I remember when Tom Kelly would be asked why he brought a certain relief pitcher into the game, he would often respond by saying something like, "It was his time to pitch".  At first that mystified me.  What does that mean, "it was his time to pitch"?  Eventually, I figured out that what TK was saying is that each pitcher on the staff has a role, a job that he's on the team to do.  When the situation comes up in a game when you need that job to be done, you use that pitcher to do it, because that's why he's on the team.  If you're not going to use that pitcher in that situation, then he shouldn't be on the team in the first place, because the whole reason he's on the team is to do that job.

Some people would say that Tim Stauffer shouldn't be on the team.  But as long as he is, his job is to pitch in the middle innings when the starter can't for some reason.  That was the job that needed to be done yesterday, so Molitor brought him into the game to do it.  Two home runs and a single later, it became clear he couldn't do that job.  Before the inning was over, the game was tied.

It was still tied going to the eighth, so Molitor brough in Casey Fien, because part of his job is to pitch the eighth inning of a tie game.  He should have had a one-two-three eighth, but the Twins infield decided to give the Tigers an extra out.  Did you ever think how many more runs would be scored in a ball game if you got four outs every inning instead of three?  Well, the Tigers got four outs in the eighth, and they scored a run, going  ahead 8-7.

it's questionable whether it was really Fien's job to pitch the ninth.  On the one hand, Fien rarely pitches more than one inning.  On the other hand, it doesn't seem like asking a pitcher to throw two innings is such a reasonable request.  On the other hand, Fien was injured not that long ago.  Paul Molitor doesn't have three hands, so he asked Fien to pitch the ninth.  It's easy to second guess, of course, and maybe Fien was going to hurt his shoulder at some point anyway.  What we know, though, is that Fien did hurt his shoulder, and by the time he was removed from the game the Twins were out of it.

There were some positives.  Scoring seven runs is always positive.  Joe Mauer had three hits, raising his average to .300.  Arcia homered and so did Plouffe.  Kennys Vargas returned to the lineup and got two hits.  Blaine Boyer retired both men he faced and has actually pitched very well over the last couple of weeks, going 9.1 consecutive scoreless innings while giving up four hits and two walks.  The Twins played three very competitive games with the Tigers, winning one and being right in the other two.
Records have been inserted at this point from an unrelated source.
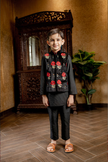 BLACK BUNDI KURTA SET WITH RED ROSE EMBROIDERY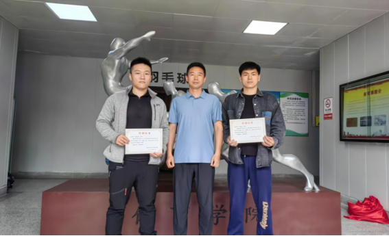 仪式上,苟毅飞书记和毕业生代表吕镇庆共同为雕塑揭幕。李寿邦院长代表学院向毕业生代表吕镇庆和张秦河颁发了捐赠证书。
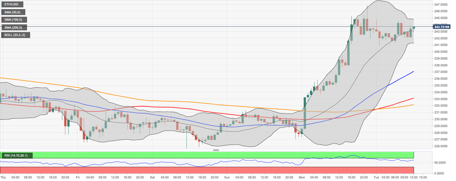 ETH/USD settled above $243.00 after a short-lived jump above $244.67 on Monday. The second-largest digital asset has gained nearly 3% in the recent 24 hours and stayed unchanged since the start of the day. At the time of writing, ETH/USD is moving withing a short-term downside trend amid low volatility.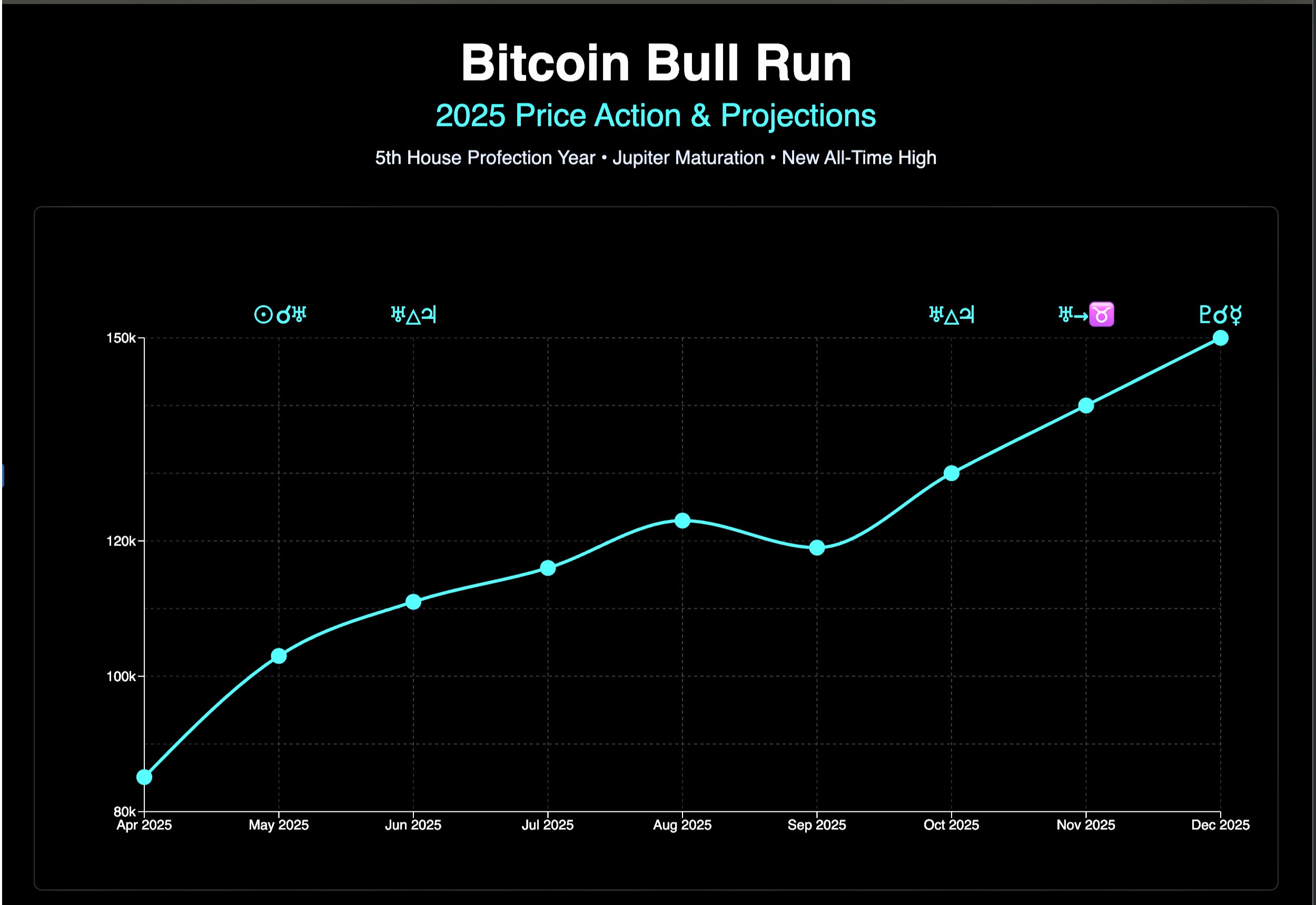 Bitcoin is up 30% year-to-date, but with the combination of a 5th house profection year, a Jupiter maturation and a few key positive transits upcoming in Q4 of 2025, I believe we are due to see Bitcoin set an expansive new all time high before the end of 2025.

So we now host the White Sox.  Trevor May goes for the Twins, and we hope the bruised elbow won't cause him problems.  It's probably either May or Milone who will leave the rotation when Ricky Nolasco comes back, so May really needs to pitch well.  He's got a tough task, because Chris Sale is scheduled to go for Chicago, and in case you haven't heard, he's pretty good.  But the Twins really have been playing better lately.  It's time to go on that season-ending one hundred-forty-one game winning streak.  We'll just have to settle for 150-12!

10 thoughts on “Game 21 Recap: Tigers 10, Twins 7”

  1. No comment on the game; it was as the recap described it (well, except I think that asking a pitcher to throw two innings is a reasonable request ... but I think that's what you meant).

    1. That was a typo, a function of writing these things at about 4:30 in the morning. What I meant to say was "It doesn't seem like asking a pitcher to throw two innings is such an unreasonble request.

      1. I figured as much - mostly I just wanted to comment because I enjoyed* the recap and wanted you to know it'd been read.

        *as much as reviewing a Twins loss - with injuries - can be enjoyable that is.

  2. Did you ever think how many more runs would be scored in a ball game if you got four outs every inning instead of three?

    No, but I will now. My other favorite baseball thought experiment is "What if the bases weren't 90 feet apart?"

    1. Tango did a thought experiment about the four outs part and came up with an estimate. Unfortunately I can't find it now.

      1. Another aspect of that is how would strategy change? Would you use more one-run strategies, because you'd have more outs to play with? Or would you use fewer, because you're likely to have to score a higher number of runs to win the game?

        1. How about combine the two - make the distance between bases further apart, AND add an out.
          Think how many more triple-plays we might see attempted!